See Frictionless Specs. For our purposes:
* A "Good" CSV file: Valid CSV - with one header row, No blank header etc...
* Encoding worked out -- usually we should have already converted to utf-8
* Dialect - https://frictionlessdata.io/specs/csv-dialect/
* Table Schema https://frictionlessdata.io/specs/table-schema
NB: even if you want to go direct loading route (a la XLoader) and forget types you still need encoding etc sorted -- and it still fits in diagram above (Table Schema is just trivial -- everything is strings).
### What is datastore and how to create the DataStore entry
https://github.com/ckan/ckan/tree/master/ckanext/datastore
* provides an ad hoc database for storage of structured data from CKAN resources
* Connection with Datapusher: https://docs.ckan.org/en/2.8/maintaining/datastore.html#datapusher-automatically-add-data-to-the-datastore
* Datastore API: https://docs.ckan.org/en/2.8/maintaining/datastore.html#the-datastore-api
* Making Datastore API requests: https://docs.ckan.org/en/2.8/maintaining/datastore.html#making-a-datastore-api-request
#### Create an entry
```
curl -X POST http://127.0.0.1:5000/api/3/action/datastore_create -H "Authorization: {YOUR-API-KEY}"
resource
-d '{
"resource": {"package_id": "{PACKAGE-ID}"},
"fields": [ {"id": "a"}, {"id": "b"} ]
}'
```
https://docs.ckan.org/en/2.8/maintaining/datastore.html#ckanext.datastore.logic.action.datastore_create
### Options for Loading
There are 3 different paths we could take:
```mermaid
graph TD
pyloadstr[Load in python in streaming mode]
cleartable[Clear DS table if existing content]
pushdatacopy[Load to DS via PG copy]
pushdatads[Load to DS via DataStore API]
pushdatasql[Load to DS via sql over PG api]
done[Data in DataStore]
dataflows[DataFlows SQL loader]
cleartable -- 1 --> pyloadstr
pyloadstr --> pushdatads
pyloadstr --> pushdatasql
cleartable -- 2 --> dataflows
dataflows --> pushdatasql
cleartable -- 3 --> pushdatacopy
pushdatasql --> done
pushdatacopy --> done
pushdatads --> done
```
#### Pros and Cons of different approaches
|Criteria | Datastore Write API | PG Copy | Dataflows |
|---------|:--------- |:------- | ---------: |
| Speed | Low | High | ??? |
|Error Reporting| Yes | Yes | No(?) |
|Easy of implementation| Yes | No(?) | Yes |
Works Big data| No | Yes | Yes(?) |
|Works well in parrallel| No | Yes(?) | Yes(?)
### DataFlows
https://github.com/datahq/dataflows
Dataflows is a framework for loading, processing, manipulating data.

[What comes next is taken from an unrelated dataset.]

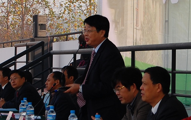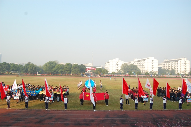 王仁雷副院长致开幕词。王院长首先代表院党委、行政向本次运动会的开幕致以热烈的祝贺,向刻苦训练、积极备战的运动员以及全体教练员、裁判员和后勤服务人员致以亲切的问候,向在运动会筹备工作中付出大量劳动、洒下辛勤汗水的同志们表示衷心的感谢。王院长说,学校体育是全民体育运动的重要组成部分,是学校精神文明建设和校园文化建设的重要内容。长期以来,我院高度重视开展群众性体育运动,促进学生养成加强锻炼、提高体质的良好习惯,培养德智体美全面发展的复合型人才。王院长强调,运动会是展示师生精神风貌的一个平台,全体运动员应该发扬 "更快,更高,更强"的体育拼搏精神,本着"友谊第一、比赛第二"的原则,尊重裁判,公平竞争,团结协作,顽强拼搏,赛出水平,赛出风格,以优异的竞技成绩和高尚的体育道德,充分展示我院体育工作水平和广大师生健康向上的精神面貌。他希望全体裁判员坚持公平公正的原则,恪尽职守,严于律己,客观评判,秉公执法,希望全体工作人员协调配合,认真做好服务保障工作,确保运动会各项工作顺利进行。

* Loader (Loading from external source (or disk)): https://github.com/datahq/dataflows/blob/master/dataflows/processors/load.py
* Load to an SQL db (Dump processed data) https://github.com/datahq/dataflows/blob/master/dataflows/processors/dumpers/to_sql.py
* What is error reporting, what is runner system ..., does it have a UI? does it have a queue system?
* Think data package pipelines is taking care of all of these. https://github.com/frictionlessdata/datapackage-pipelines
* DPP itself is also a ETL framework, just much heavier and a bit complicated.
### Notes an QA (Sep 2019)
* Note: TDR needs info on CKAN Resource source so we can create right datastore entry ..
* No need to validate as we assume it is good ...
* We might want to do that ... still
* Pros and Cons
* Speed
* Error reporting ...
* What happens with Copy if you hit an error (e.g. a bad cast?)
* https://infinum.co/the-capsized-eight/superfast-csv-imports-using-postgresqls-copy
* https://wiki.postgresql.org/wiki/Error_logging_in_COPY
* Ease of implementation
* Good with inserting Big data
* Create as strings and cast later ... ?
* xloader implementation with COPY command: https://github.com/ckan/ckanext-xloader/blob/fb17763fc7726084f67f6ebd640809ecc055b3a2/ckanext/xloader/loader.py#L40
Raw insert ~ 15m (on 1m rows)
Insert with begin / commit ~5m
copy ~82s (though may have limit on b/w) -- and what happens if pipe breaks
Q: Is it better to but everything in DB as a string and cast later or cast and insert in DB.
A: Probably cast first and insert after.
Q: Why do we rush to insert the data in DB? We will have to wait until it's casted anyways befroe use
A: It's much faster to do operations id DB than outside.